Here is a transcript of the video:
So, you’ve pulled the trigger to start using your truck telematics to help you improve operational safety and inform driver training. And then your phone explodes with notifications back to back — turns out one driver had harsh braking, following distance and lane departure warning incidents in rapid succession. Naturally, you fear the worst. But what actually happened, and how do you approach the conversation? Just looking at notifications, it’s hard to say. Was your driver not paying attention? Did a car cut off your truck?
Answering all of these questions comes down to context—what actually happened during the event in question? The latest in-cab video system updates leverage artificial intelligence to better identify other vehicles, pedestrians and even your driver’s behavior. That’s great, but this creates a new problem: Who is going to sit there and watch all that footage?
There are now video solutions that use machine learning to continually refine what is important to fleets, a trend that has continued to grow in the video telematics space. In the olden times, fleets would only capture video, for example, during a hard braking or swerving event, but today with artificial intelligence, it’s able to identify things like stop signs or maybe that the truck continues going moving and doesn’t stop at the sign—and it captures video of that event for a coaching opportunity.
As algorithms become more complex and artificial intelligence becomes smarter, insight into your drivers’ behavior and habits will become more actionable. These systems are now actually moving beyond object detection and behavior detection and moving toward action detection. Action detection is what the human brain does really well and computers, a lot of the time, tend to do poorly.
So, for example, if you see a video of a car cutting off a truck, your awesome human brain thinks, “What a jerk!” Show that same video to a computer, most of the time the analysis is frame by frame.

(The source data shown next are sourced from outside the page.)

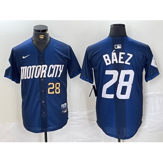 Men's Detroit Tigers #28 Javier Baez Number 2024 Navy City Connect Cool Base Limited Stitched Jerseys
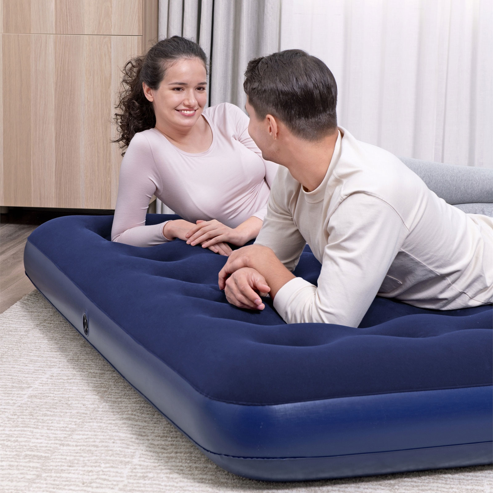 Nafukovací matrac - dvojmiestny, velúr - modrý - 203 x 183 x 22 cm
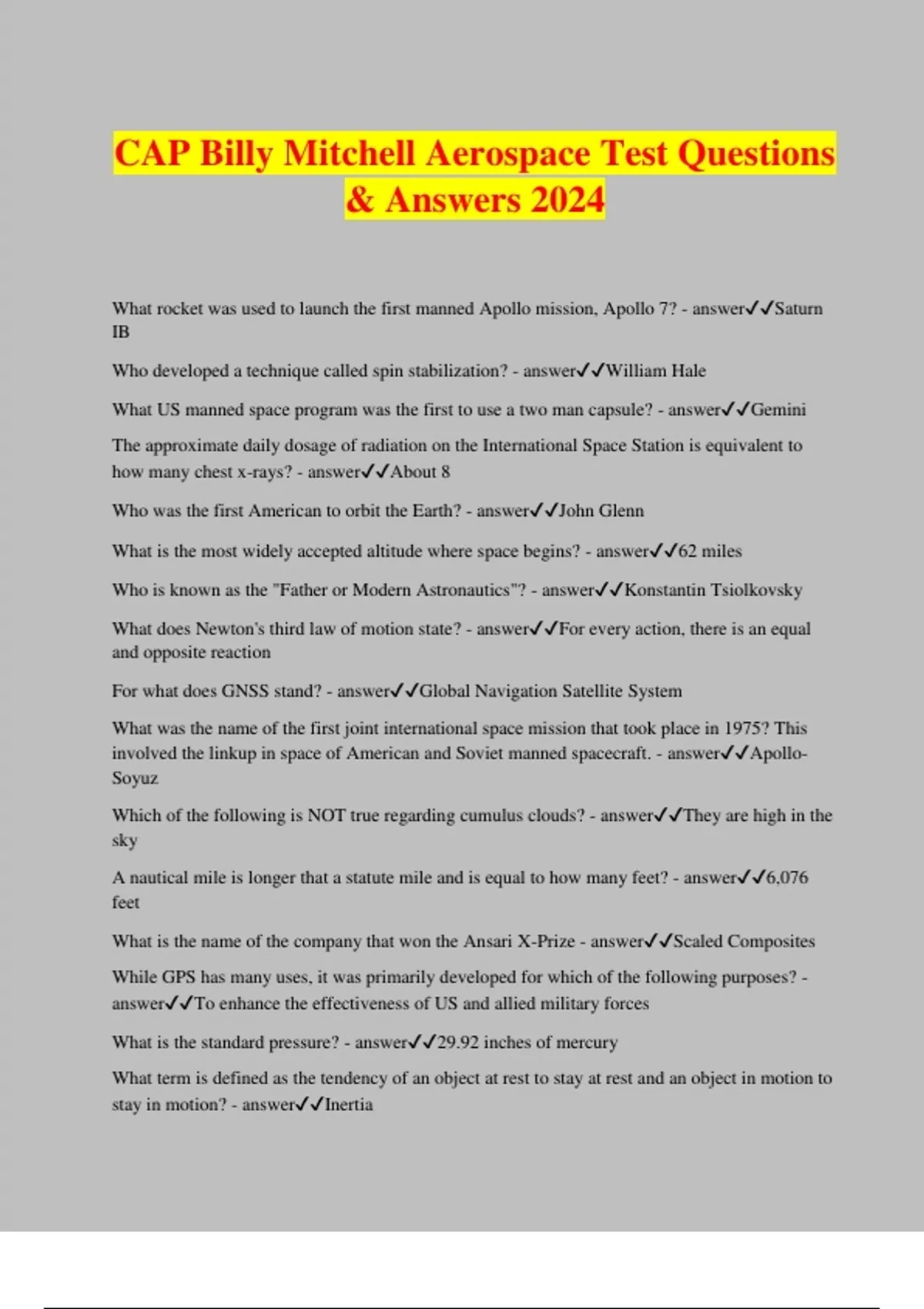 CAP Billy Mitchell Aerospace Test Questions & Answers 2024 What rocket was used to launch the first manned Apollo mission, Apollo 7? - answerSaturn IB Who developed a technique called spin stabilization? - answerWilliam Hale What US manned space program was the first to use a two man capsule? - answerGemini The approximate daily dosage of radiation on the International Space Station is equivalent to how many chest x-rays? - answerAbout 8 Who was the first American to orbit the Earth? - answerJohn Glenn What is the most widely accepted altitude where space begins? - answer62 miles Who is known as the "Father or Modern Astronautics"? - answerKonstantin Tsiolkovsky What does Newton's third law of motion state? - answerFor every action, there is an equal and opposite reaction For what does GNSS stand? - answerGlobal Navigation Satellite System What was the name of the first joint international space mission that took place in 1975? This involved the linkup in space of American and Soviet manned spacecraft. - answerApollo- Soyuz Which of the following is NOT true regarding cumulus clouds? - answerThey are high in the sky A nautical mile is longer that a statute mile and is equal to how many feet? - answer6,076 feet What is the name of the company that won the Ansari X-Prize - answerScaled Composites While GPS has many uses, it was primarily developed for which of the following purposes? - answerTo enhance the effectiveness of US and allied military forces What is the standard pressure? - answer29.92 inches of mercury What term is defined as the tendency of an object at rest to stay at rest and an object in motion to stay in motion? - answerInerti
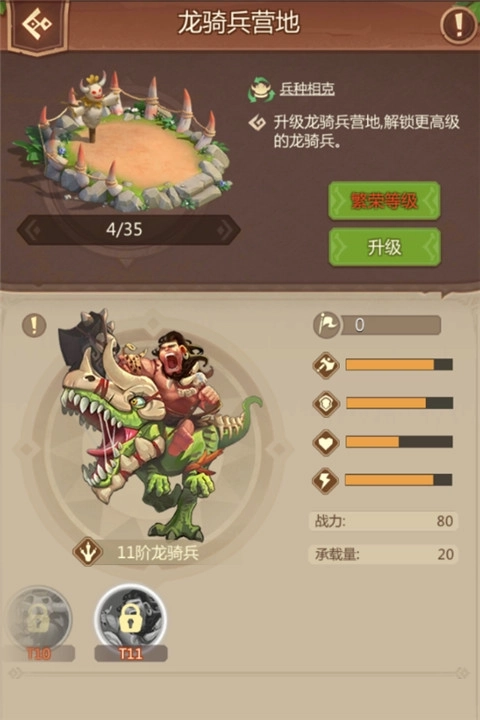 1、游戏内设有四大基础兵种,分别是防御能力出色的战士、输出能力强劲的猎人、机动性突出的龙骑兵,以及资源运输效率极高的巨兽。不同兵种在属性上各有特点,并且随着阶数的提升,它们的各项能力也会持续得到增强。
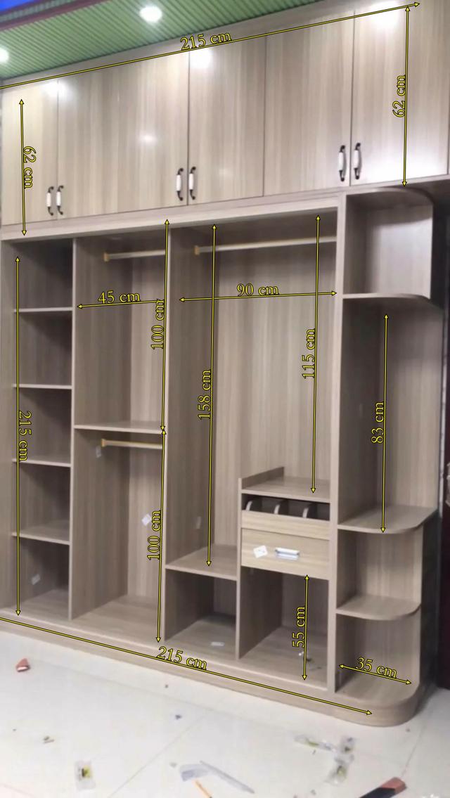 衣柜进深60公分,一定要做到顶,上面设计一排顶柜放置棉被,中间1米上挂外套,下面90公分挂毛衣。
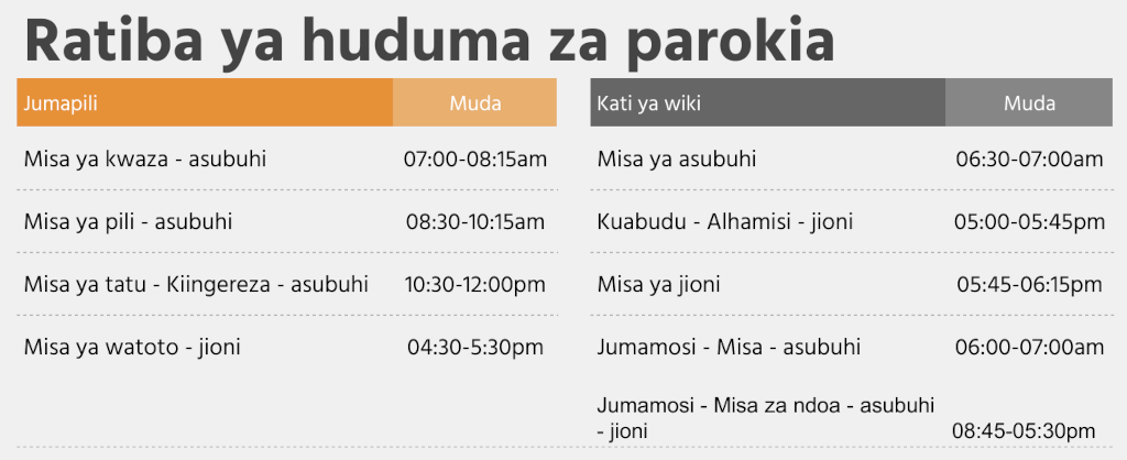 Ratiba hiyo imeandaliwa ili kuwasaidia waamini na wageni kufahamu kwa urahisi nyakati na mpangilio wa huduma zinazotolewa parokiani, na hivyo kushiriki kikamilifu katika maisha ya Kanisa.

It says, ‘Nothing’s in front of me’ for a while, then, all of a sudden, ‘Something’s in front of me’ and that’s all of the information you get.
With action detection, instead of analyzing data frame by frame, these cameras analyze and compare data across a time horizon. So now we see that everything was clear, the truck was maintaining the proper following distance, and then something imposed itself in front of the truck, rather than the truck running up on the car in front of it.
This is important because action detection will lead these companies in the direction to develop algorithms that can then recommend the right coaching plan, where A.I. will actually inform the fleet manager what the context of a video means for that driver’s behavior.